Step 5: Calculate Your Hourly or Daily Rate
Now you can work out your rate. Let's continue with our example: You need to earn $57,200 over 40.8 billable weeks. If you work 38 hours per week (the standard full-time week), that's 1,550 billable hours per year. $57,200 ÷ 1,550 hours = $36.90 per hour. For a daily rate (8 hours), that's approximately $295 per day. However, this is your baseline rate. You may charge higher rates if you have specialised skills, experience, or work in high-demand sectors.
- Required annual take-home: $48,000
- Superannuation to set aside: $9,200
- Total income needed: $57,200
- Billable weeks per year: 40.8
- Billable hours per year: 1,550
- Hourly rate: $57,200 ÷ 1,550 = $36.90/hour
The Quick Reference Formula
Here's a shorthand formula you can use:
| Step | Calculation | Example |
|---|---|---|
| 1. Start with annual salary | Your previous gross salary | $80,000 |
| 2. Multiply by 1.5 to 1.6 | Accounts for tax, super, unpaid leave | $80,000 × 1.5 = $120,000 |
| 3. Divide by 1,600 | Standard billable hours (40 weeks × 40 hours) | $120,000 ÷ 1,600 = $75/hour |
| 4. Adjust for your circumstances | Higher for specialised work, lower for niche markets | $75 × 1.2 = $90/hour |
Important Considerations
- Business expenses: Track deductible costs like software subscriptions, home office, professional development, and vehicle use. These reduce your taxable income and effectively lower the rate you need to charge.

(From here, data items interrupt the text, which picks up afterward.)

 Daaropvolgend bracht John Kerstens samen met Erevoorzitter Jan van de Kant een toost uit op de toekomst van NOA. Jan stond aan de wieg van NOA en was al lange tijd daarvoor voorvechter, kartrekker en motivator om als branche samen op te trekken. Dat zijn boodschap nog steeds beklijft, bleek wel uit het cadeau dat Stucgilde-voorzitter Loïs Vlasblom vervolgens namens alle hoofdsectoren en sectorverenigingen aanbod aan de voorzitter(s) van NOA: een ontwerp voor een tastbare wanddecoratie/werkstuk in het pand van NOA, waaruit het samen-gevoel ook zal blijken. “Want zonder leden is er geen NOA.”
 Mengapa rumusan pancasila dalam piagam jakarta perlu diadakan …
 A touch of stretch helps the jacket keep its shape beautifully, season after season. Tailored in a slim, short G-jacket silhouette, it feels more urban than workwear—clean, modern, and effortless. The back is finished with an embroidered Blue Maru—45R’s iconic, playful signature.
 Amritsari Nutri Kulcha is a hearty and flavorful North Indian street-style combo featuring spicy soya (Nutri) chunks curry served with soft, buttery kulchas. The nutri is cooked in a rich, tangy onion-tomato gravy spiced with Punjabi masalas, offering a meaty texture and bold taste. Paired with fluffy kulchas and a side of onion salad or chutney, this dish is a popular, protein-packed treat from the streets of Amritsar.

- Industry standards: Research what others in your field charge. Your rate should be competitive but reflect your experience and expertise.
- Client type: Large corporations often pay higher rates than small businesses. Adjust accordingly.

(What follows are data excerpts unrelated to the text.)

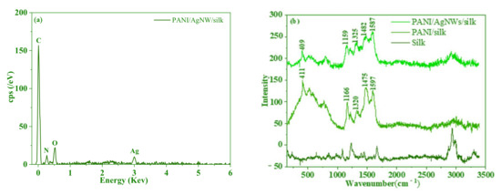 The research of energy dispersive spectroscopy was designed to further prove elements in PANI/AgNWs/silk composites. As shown in Figure 4a, the main elements, including carbon and oxygen, presented a relatively high peak, and they were the main compositions of silk. The characteristic peak of Ag element was also presented in the energy dispersive of spectra, which indicated the success of PANI/AgNWs/silk composites.
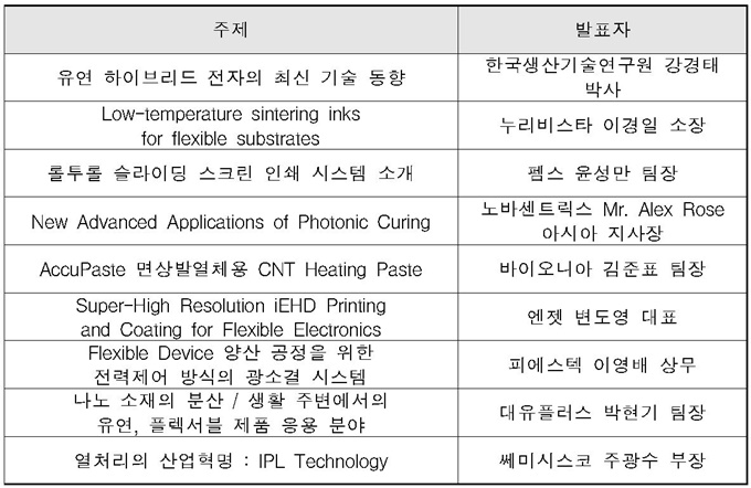 워크숍 주제는 ‘Flexible Material & Device For Future Electronics’이다. 이번 워크숍에서 한국생산기술연구원 강경태 책임은 ‘유연 하이브리드 전자의 최신 기술동향’에 대해 발표할 예정으로, 이 발표를 시작으로 인쇄전자 전문가들이 발표가 이어질 예정이다.
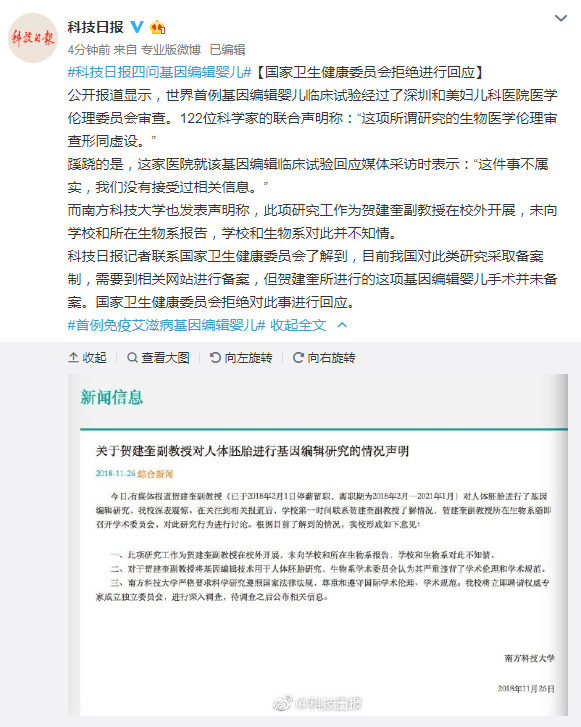 18:59【国家卫生健康委员会拒绝回应“基因编辑婴儿”事件】关于世界首例基因编辑婴儿临床试验,记者联系国家卫生健康委员会了解到,目前我国对此类研究采取备案制,需要到相关网站进行备案,但贺建奎所进行的这项基因编辑婴儿手术并未备案。国家卫生健康委员会拒绝对此事进行回应。(科技日报)
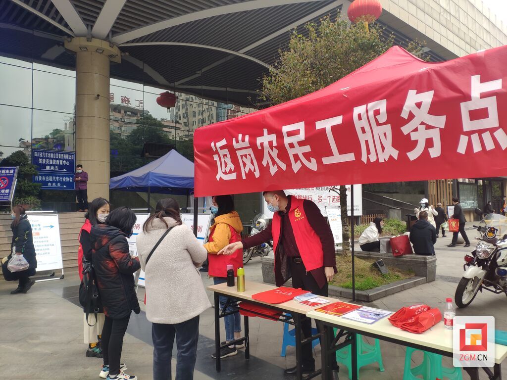 “从上班第一天(农历正月初七)开始设立返岗农民工服务点,每天有3名志愿者在岗服务。”志愿者卢娟介绍,今年的农民工返岗服务以政策咨询、法律援助、疫情防控以及旅途服务为重点,做好服务保障工作,确保农民工安全有序返岗。
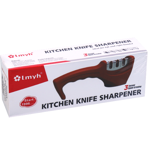 مبراة عملية لسكاكين المطبخ من ماركة lmyh تحتوي على 3 فتحات شحذ للسكاكين المستقيمة والمسننة. مقبض مريح ومناسب لليد اليمنى أو اليسرى. المكونات الأساسية: هيكل بلاستيك، شفرات شحذ ستيل.
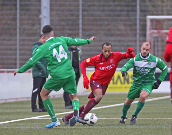 10.02.2018, xxx Fussball, Testspiel 2018, SC Hessen Dreieich Hessenliga - FV Bad Vilbel Verbandsliga Sued; v.l: Adnan Alik (FV Bad Vilbel), Carlos McCrary (SC Hessen Dreieich), Thorben Knauer (FV Bad Vilbel),
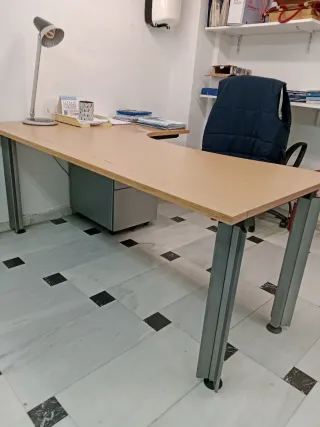 Mesa de oficina angular con un diseño moderno y funcional. - Superficie de madera clara. - Estructura metálica resistente. - Cajonera gris de tres cajones. está totalmente nueva y quiero sacarla rápido así que, sin pasarse, porque no la regalo, pero escucho ofertas serias
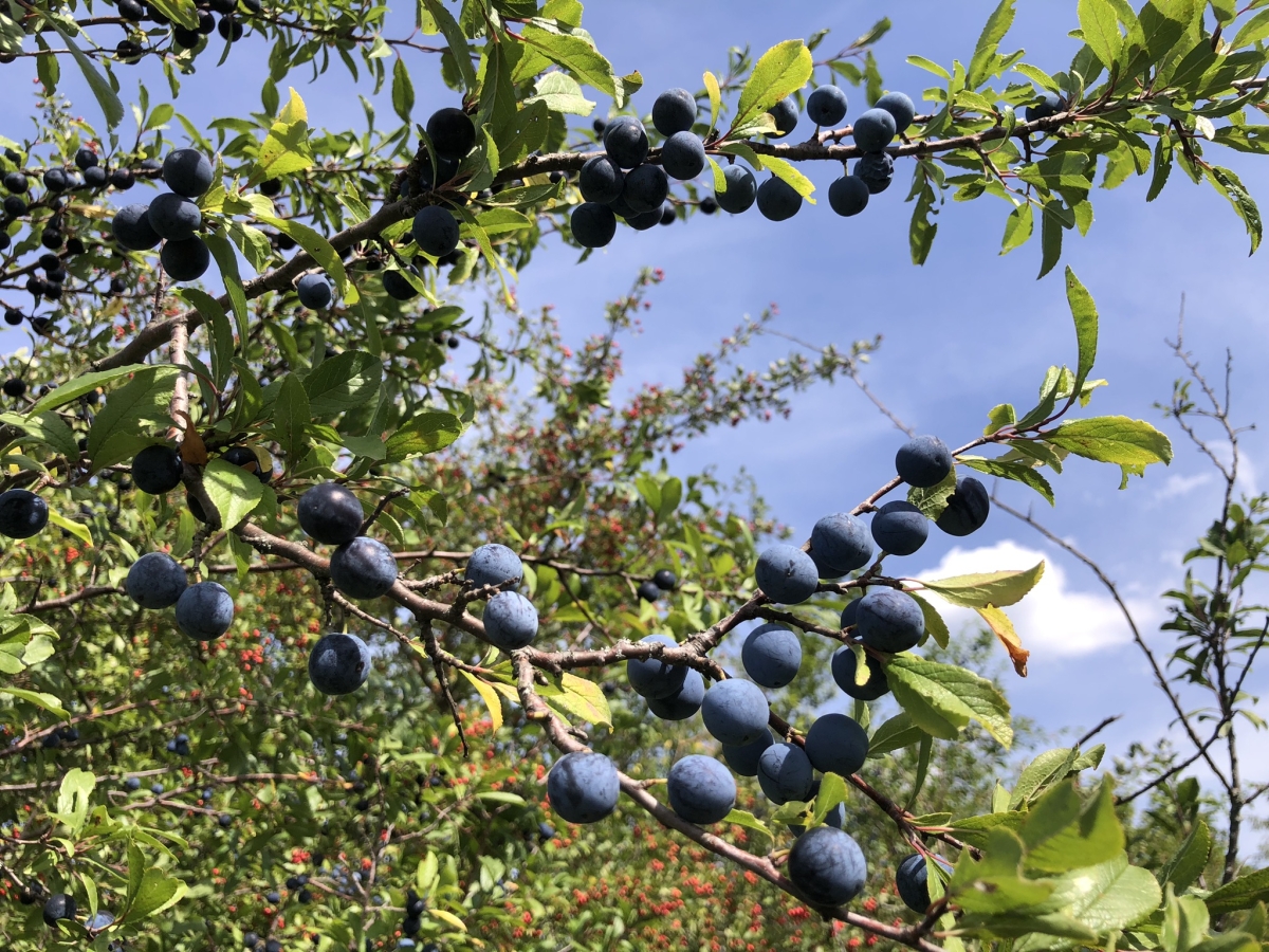 Sztánára érve el is indultunk Kispetri irányába, amikor furcsa látvány fogadott: a szép füves utat teljesen felásták és kiszélesítették, az útszéli bokrokat pedig sok helyen kivágták, előre sajnáltam a túrázókat. A mi útvonalunkon további kellemetlenséggel szerencsére nem találkoztunk, csupán néhány belógó szúrós bokrot kellett kivágnunk. Helyenként vadalmával, szilvával és nagy szemű kökénnyel ajándékozott meg a természet, így a szalagozás mellett falatozásra is szántunk időt. Egyszer csak Botond hívott, hogy van egy kis gond, ugyanis Sztána határában, ahol a bicikliseknek kellene elhaladniuk, beszántották az utat, kukoricatábla lett a helyére. Ráadásul kiderült, hogy a Kispetri határában épülő út Sztánán folytatódik az alagútig, az egész egy nagy bicikliút-építési projektnek a része, amellyel össze akarják kötni a Varjúvárat az Almási-várral. Mi is tettünk egy kört a problémás részeken, hogy lássam, mi minden változott egy év alatt. Közben rögzítettünk egy új nyomvonalat is, hogy a bicikliseknek a lenti kerülő utat ajánljuk alternatívaként. Miközben a kalotanádasi út felé vettük az irányt, Botond elmesélte, hogy két helyen is találkozott juhászkutyákkal, így a Riszeg-tető felé vezető út egy szakaszát nem tudta jelezni. Timiék is elmesélték, hogy Kiskapus fölött egy egész kutyahad támadt rájuk, akik kb. 400 m szintet voltak képesek megmászni csak azért, hogy jól megugassák őket. A hazavezető úton tehát szorgosan jegyzeteltem, hogy mi mindent kell majd beleírnom a körlevélbe, amit kiküldök a résztvevőknek.
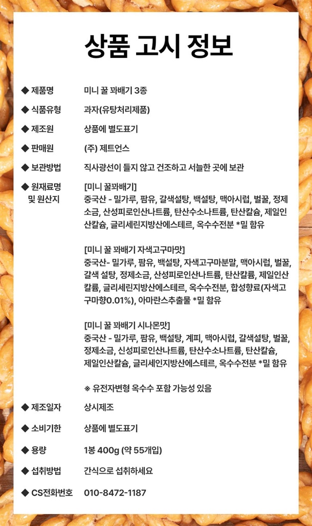미니꿀꽈배기 400g + 400g 덤증정! (1+1) (오리지널/시나몬/자색고구마)

- Contract stability: Long-term contracts may justify slightly lower rates; short-term or project-based work should command a premium.

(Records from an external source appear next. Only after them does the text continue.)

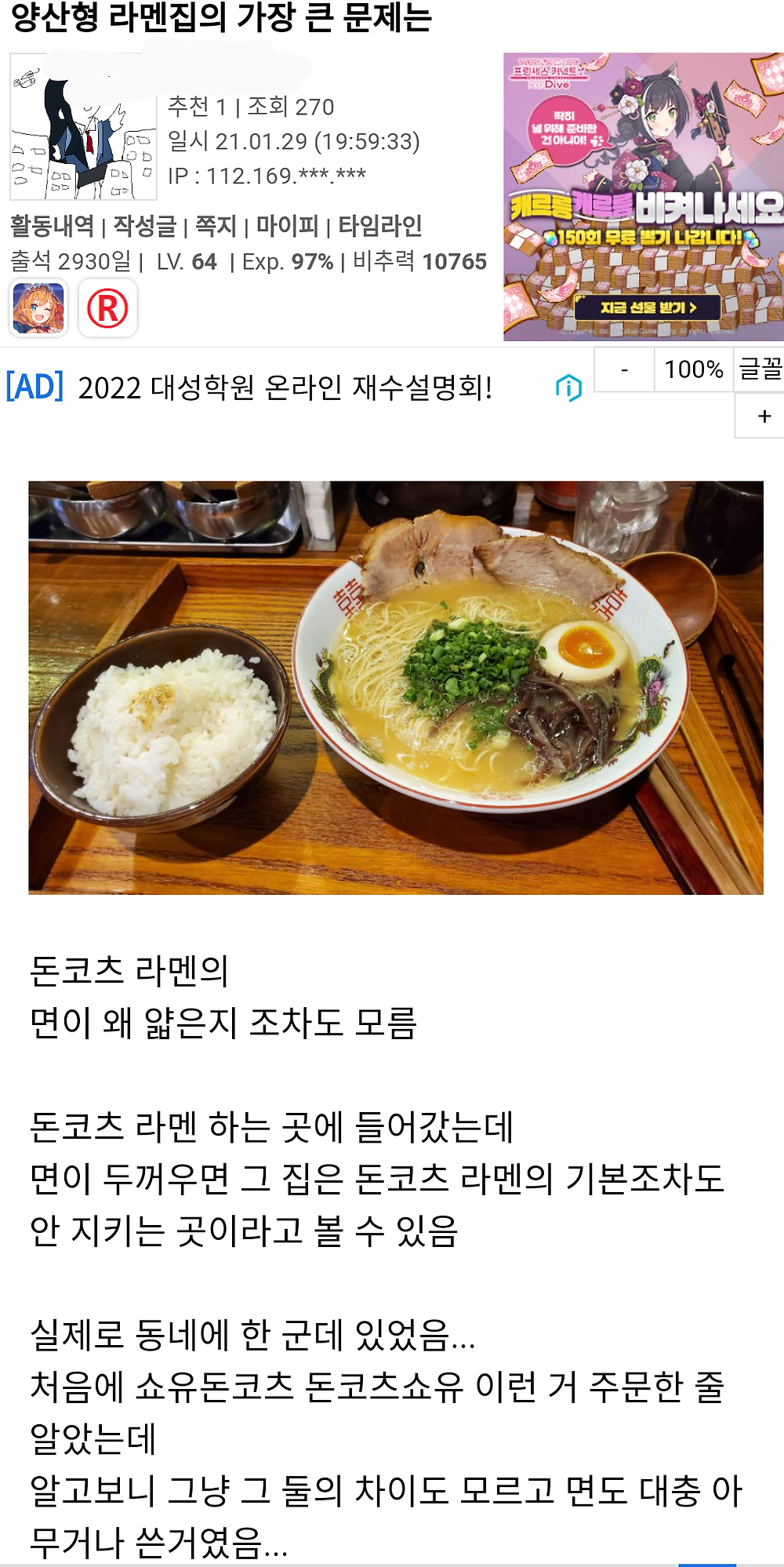 양산형 라멘의 면이 얇은 이유는
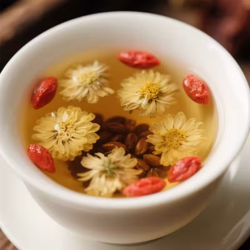 【功效】菊花清熱降火,枸杞滋補肝腎,決明子明目通便,三者搭配可緩解夏季肝火旺盛引起的眼乾、失眠、易怒等症狀,適合熬夜黨或用眼過度人群。
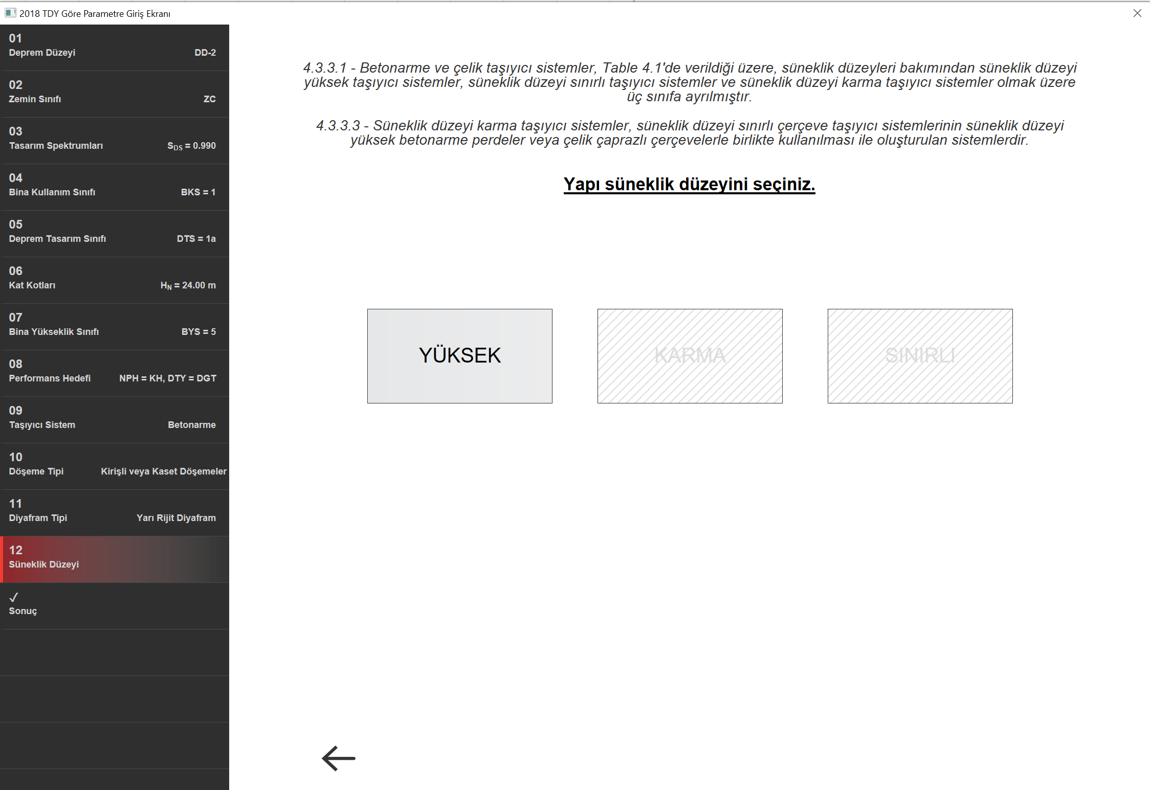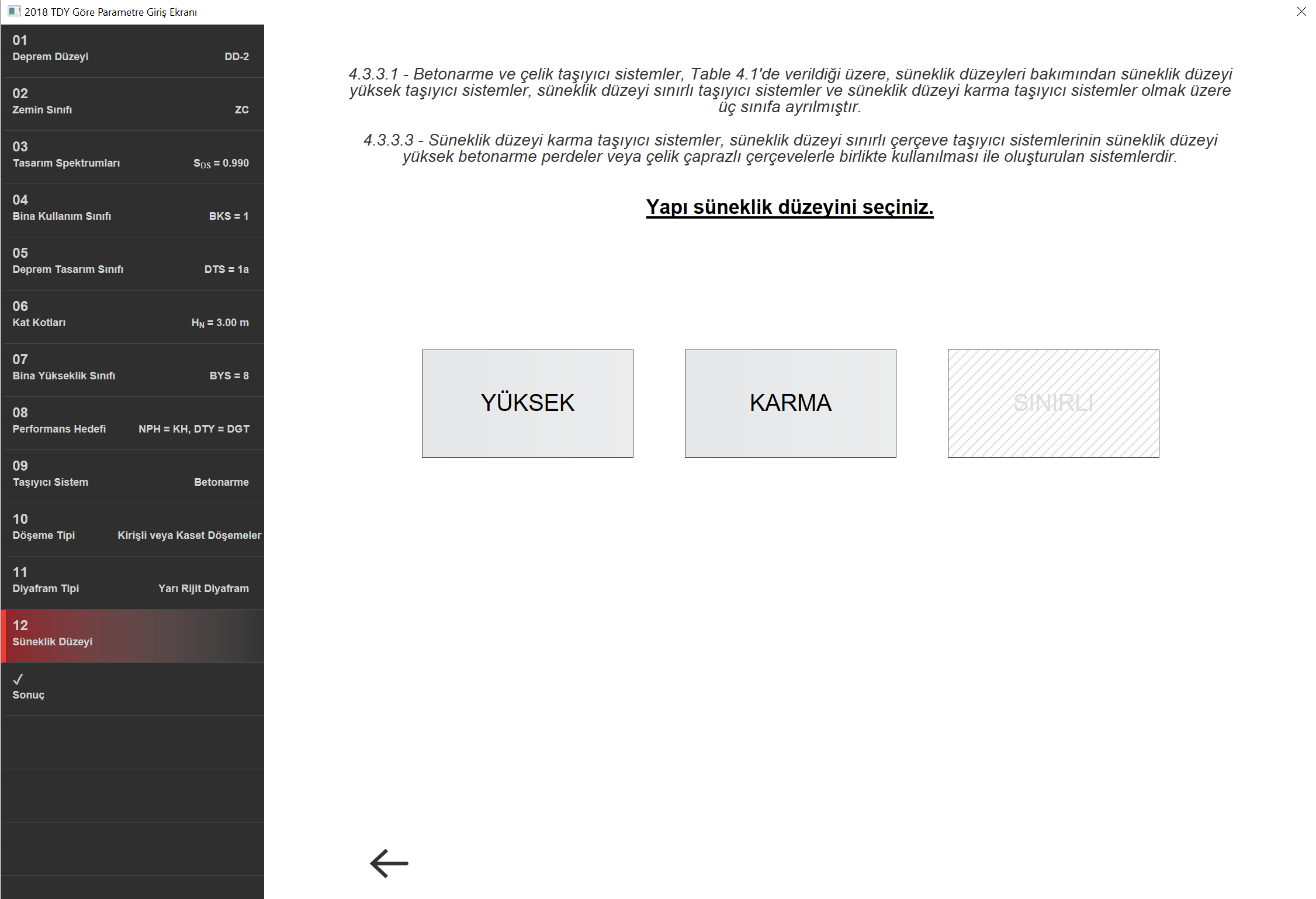With the TBDY 2018 Wizard , ductility level limitations are made automatically according to the classifications in 4.3.4.1 (a) and (b) and the selection of these carrier systems is not allowed with the TBDY 2018 Wizard .

- Superannuation strategy: You can make personal super contributions up to the concessional cap ($27,500 for 2025-26) to minimise tax.
Use SoleTraderTax's contractor rate calculator to model different scenarios based on the 2025-26 tax year rates. You can adjust for your specific tax position, anticipated expenses, and desired take-home income. This removes guesswork and helps you stay competitive while ensuring you're adequately compensated.
Don't Undercut Yourself
Many contractors starting out underestimate their costs and charge too little. This creates cash flow problems, prevents you from saving adequately for tax, and undercuts the entire industry. If your calculation shows you need $75/hour, don't charge $50 hoping to get clients. Instead, find clients willing to pay fair rates, or consider whether contracting is the right move for your situation right now.
Final Thoughts
Calculating your contractor rate isn't just about replacing your salary—it's about ensuring you can sustainably run a business, meet your tax obligations, contribute to superannuation, and have unpaid time off. Use the formula above as a starting point, then refine based on your industry, experience, and the value you bring to clients. Remember to review your rate annually as tax rates and superannuation contributions change, especially as we move through the 2025-26 financial year. A well-calculated rate ensures you're not just surviving as a contractor—you're thriving.